I also haven't figured out how to only update firmware for specific devices. With the inventory_firmware and update_firmware commands, it looks for updates and applies all updates at once.
As for creating a local mirror, a simple rsync grabs it (I exclude everything I don't need)
rsync --progress --delete -avHz --exclude=rh30 --exclude=rh30_64 --exclude=rh40 --exclude=rh40_64 --exclude='SLES_*' --exclude='SLE_*' --exclude='suse*' --exclude='sles*' linux.dell.com::repo/hardware/OMSA_7.1/ /yumrepo/repos/dell/hardware/OMSA_7.1/
I also don't use the community repo...I haven't found anything I need in there.
I'll attach the yum repo file I use for my local repo. A 'yum install srvadmin-all dell_ft_install' will grab what you need for firmware tools and OpenManage, and then a 'yum install $(bootstrap_firmware)' will grab all your hardware specific firmware.
On 02/01/2013 08:27 AM, Mikael Fridh wrote:
On Fri, Feb 1, 2013 at 1:57 PM, Rafał Radecki radecki.rafal@gmail.com wrote:
Hi all.
I am currently gathering information about firmware update on Dell PowerEdge machines. I've found http://linux.dell.com/wiki/index.php/Firmware-tools_announcement and https://linux.dell.com/repo/community/ It is an unofficial, community supported repository.
Depending on your hardware you will have support here: http://linux.dell.com/repo/hardware http://linux.dell.com/wiki/index.php/Repository/hardware
I create a local mirror via rsync and use for all the Dell servers.

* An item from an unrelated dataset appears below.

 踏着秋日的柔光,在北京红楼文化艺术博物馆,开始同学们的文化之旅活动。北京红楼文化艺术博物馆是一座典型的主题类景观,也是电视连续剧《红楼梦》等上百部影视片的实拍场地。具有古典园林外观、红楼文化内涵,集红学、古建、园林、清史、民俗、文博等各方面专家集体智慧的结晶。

What are your experiences: should I perform firmware updates the traditional way by downloading *.bin packages from Dell and run them manually or should I use this repo? Is this repo "safe" and releases stable packages?
I'm usually fine with the hardware repo above unless I need something really new (some versions that's not yet released in the firmware repo as rpms).

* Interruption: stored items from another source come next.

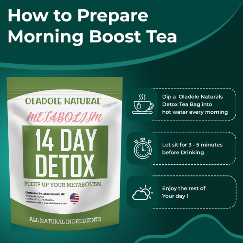Start your weight loss journey with Oladole Natural Metabolism Detox Tea, which has been particularly created to cleanse your body and assist you in achieving a flatter tummy. This delicate yet efficient tea, made with high-quality all-natural ingredients, eliminates toxins and excess water weight, leaving you feeling lighter and more energized. Unlike other detox teas, Oladole’s natural herb and spice blend will not make you feel jittery or agitated. This 14-day detox cleanses and metabolism booster is ideal for anyone searching for a gentle and pleasant method to kickstart their weight loss journey. It has a refreshing taste and the capacity to enhance energy levels, reduce stress, and support good digestion. Pour yourself a cup, sit back, and indulge in the ultimate self-care treat.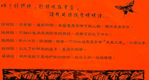 (1姑姑)說:來衝衝,進廁所前,多留意是否有可疑人物,確保自身安全。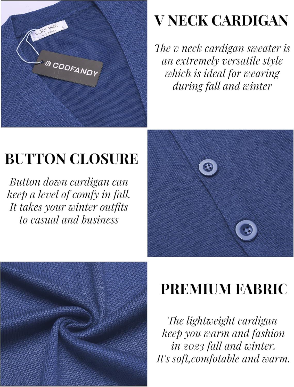 imageCOOFANDY Mens V Neck Cardigan Sweater Casual Lightweight Button Down Knitted Cardigan SweaterBlue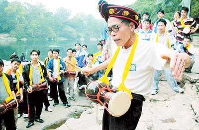 歌舞表演用的鼓是用陶器制作的,很多人一定会瞪大双眼——有这回事?2005年广西武鸣举办的壮乡“三月三”歌圩上,一组由壮家少年表演师公“横鼓舞”技惊四座。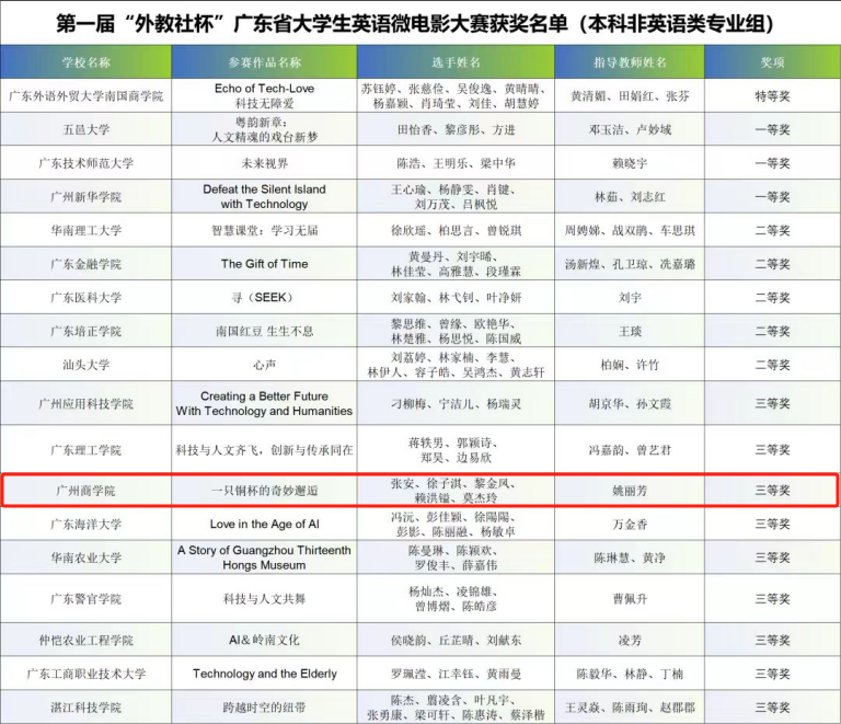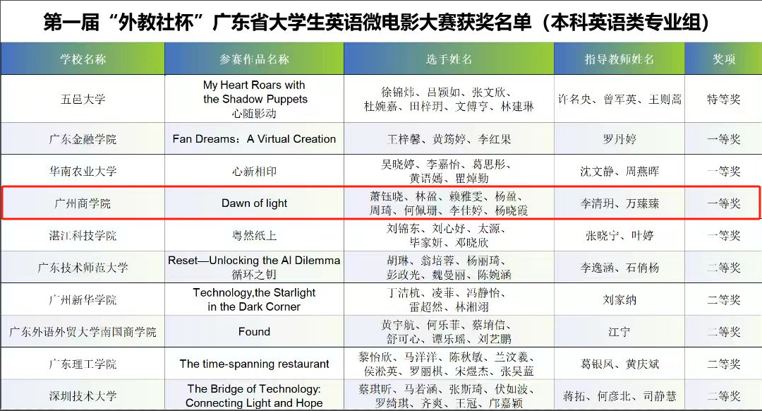 我校萧钰晓、林盈、赖雅雯、杨盈、周琦、何佩珊、李佳婷和杨晓霞8位同学,在外国语学院商务英语专任教师李清玥、万臻臻的悉心指导下,以其作品《Dawn of Light》荣获本科英语类专业组一等奖及最佳制作奖。该作品以细腻的叙事和出色的制作,充分体现了外院学子的卓越才华与创新精神。同时,由外国语学院大学英语专任教师姚丽芳指导,张安、徐子淇、黎金凤、赖洪镒、莫杰玲5位同学共同完成的作品《一只铜杯的奇妙邂逅》荣获本科非英语类专业组三等奖。该作品以独特的视角讲述了普通物件与人类情感之间的联系,展现了非英语专业学生在英语应用和跨文化交流方面的潜力与创意。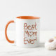 Melhores canecas escritas à mão bonitas da mamã nunca. Alaranjado e branco com coração.
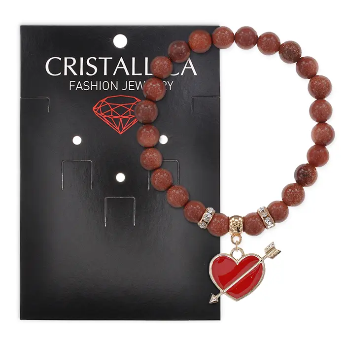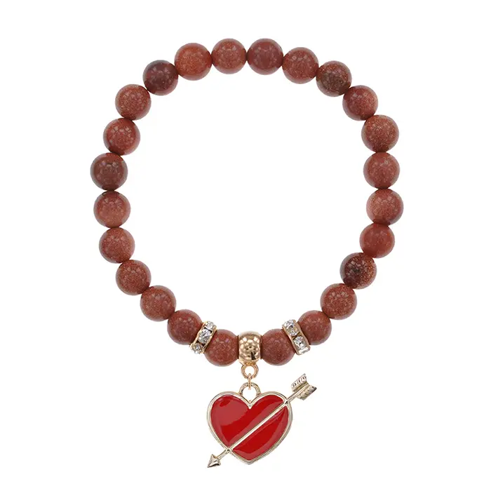 Браслет Сердце со стрелой (любовь) синт.кам. Корич. авантюрин 8мм BS-CR-1081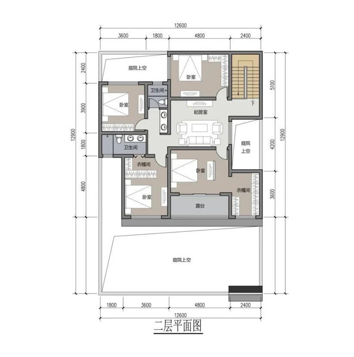 高下杂沓的露台: 二层建立了大面积露台,告成鸟瞰一楼院落。晨起遥看,暮看晚霞,斥逐了居住空间与当然的深度连结。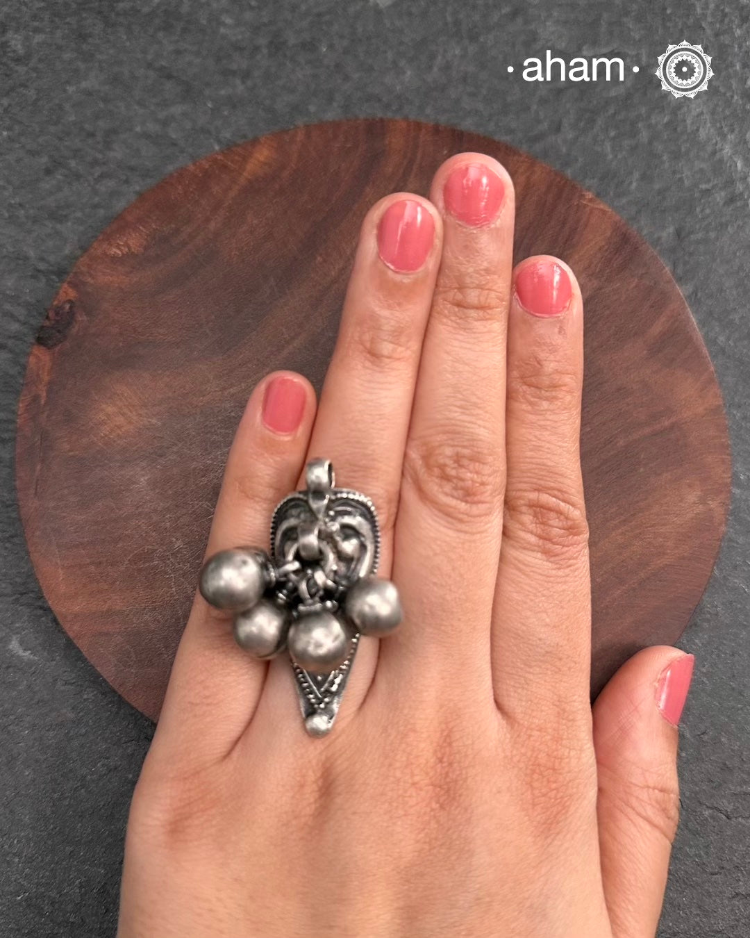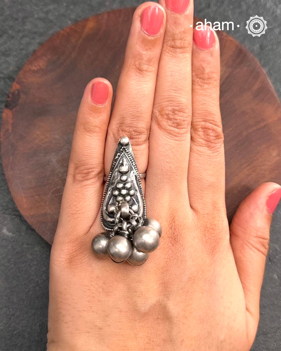 Tribal silver adjustable ring with a bunch of ghungroos.Perfect to pair with your ethnic clothing.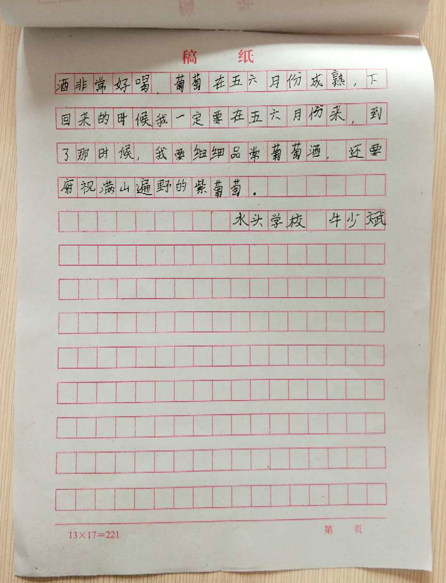怎么樣!可愛的同學(xué)們在參觀格瑞特酒莊之后,寫下了一篇篇觀后感。這稚嫩的字體,用心的言語,表達(dá)了他們對格瑞特酒莊 的滿意與祝福。展信如晤,見字如面,一紙信箋,如此之遠(yuǎn),又如此之近。

-- Mikael _______________________________________________ CentOS mailing list CentOS@centos.org http://lists.centos.org/mailman/listinfo/centos
I also haven't figured out how to only update firmware for specific devices. With the inventory_firmware and update_firmware commands, it looks for updates and applies all updates at once.
inventory_firmware_gui lets you select. I'm not aware of how to achieve this with command line only.

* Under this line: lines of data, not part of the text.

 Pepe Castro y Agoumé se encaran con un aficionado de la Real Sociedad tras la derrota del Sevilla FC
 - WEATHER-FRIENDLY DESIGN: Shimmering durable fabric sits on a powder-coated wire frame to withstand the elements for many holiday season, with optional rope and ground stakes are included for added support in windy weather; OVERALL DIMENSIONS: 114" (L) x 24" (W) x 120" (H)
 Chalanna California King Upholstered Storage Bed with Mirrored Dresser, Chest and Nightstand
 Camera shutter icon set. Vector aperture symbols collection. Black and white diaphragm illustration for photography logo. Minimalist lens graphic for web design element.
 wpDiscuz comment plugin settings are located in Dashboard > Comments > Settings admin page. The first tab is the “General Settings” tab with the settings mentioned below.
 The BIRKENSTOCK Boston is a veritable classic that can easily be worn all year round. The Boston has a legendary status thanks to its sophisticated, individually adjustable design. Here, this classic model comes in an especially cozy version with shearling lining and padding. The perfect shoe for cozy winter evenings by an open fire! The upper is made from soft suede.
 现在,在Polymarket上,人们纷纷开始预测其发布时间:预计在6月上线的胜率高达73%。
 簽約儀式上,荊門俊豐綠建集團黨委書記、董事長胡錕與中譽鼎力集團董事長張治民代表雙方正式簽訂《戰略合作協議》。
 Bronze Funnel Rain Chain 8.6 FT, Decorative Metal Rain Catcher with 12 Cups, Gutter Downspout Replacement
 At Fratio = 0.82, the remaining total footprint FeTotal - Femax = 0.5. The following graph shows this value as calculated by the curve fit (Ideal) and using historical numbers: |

As for creating a local mirror, a simple rsync grabs it (I exclude everything I don't need)
Yes, I have something pretty similar :)
I'll attach the yum repo file I use for my local repo. A 'yum install srvadmin-all dell_ft_install' will grab what you need for firmware tools and OpenManage, and then a 'yum install $(bootstrap_firmware)' will grab all your hardware specific firmware.
Thanks, I'll compare it with my own to see what's wrong.
On Fri, Feb 1, 2013 at 9:22 AM, lhecking@users.sourceforge.net wrote:
I also haven't figured out how to only update firmware for specific devices. With the inventory_firmware and update_firmware commands, it looks for updates and applies all updates at once.
inventory_firmware_gui lets you select. I'm not aware of how to achieve this with command line only.
update_firmware
As for creating a local mirror, a simple rsync grabs it (I exclude everything I don't need)
Yes, I have something pretty similar :)
I use their repo directly, but I should mirror it now that I have more machines that make use of those packages.
It looks like srvadmin-omcommon is broken for one reason or another. [0] [1]
[0] http://lists.us.dell.com/pipermail/linux-poweredge/2013-January/047660.html [1] http://lists.us.dell.com/pipermail/linux-poweredge/2013-January/047677.html
I'll attach the yum repo file I use for my local repo. A 'yum install srvadmin-all dell_ft_install' will grab what you need for firmware tools and OpenManage, and then a 'yum install $(bootstrap_firmware)' will grab all your hardware specific firmware.
Thanks, I'll compare it with my own to see what's wrong.
The amount of software installed depends on whether one is running the full OpenManage administration interface or not.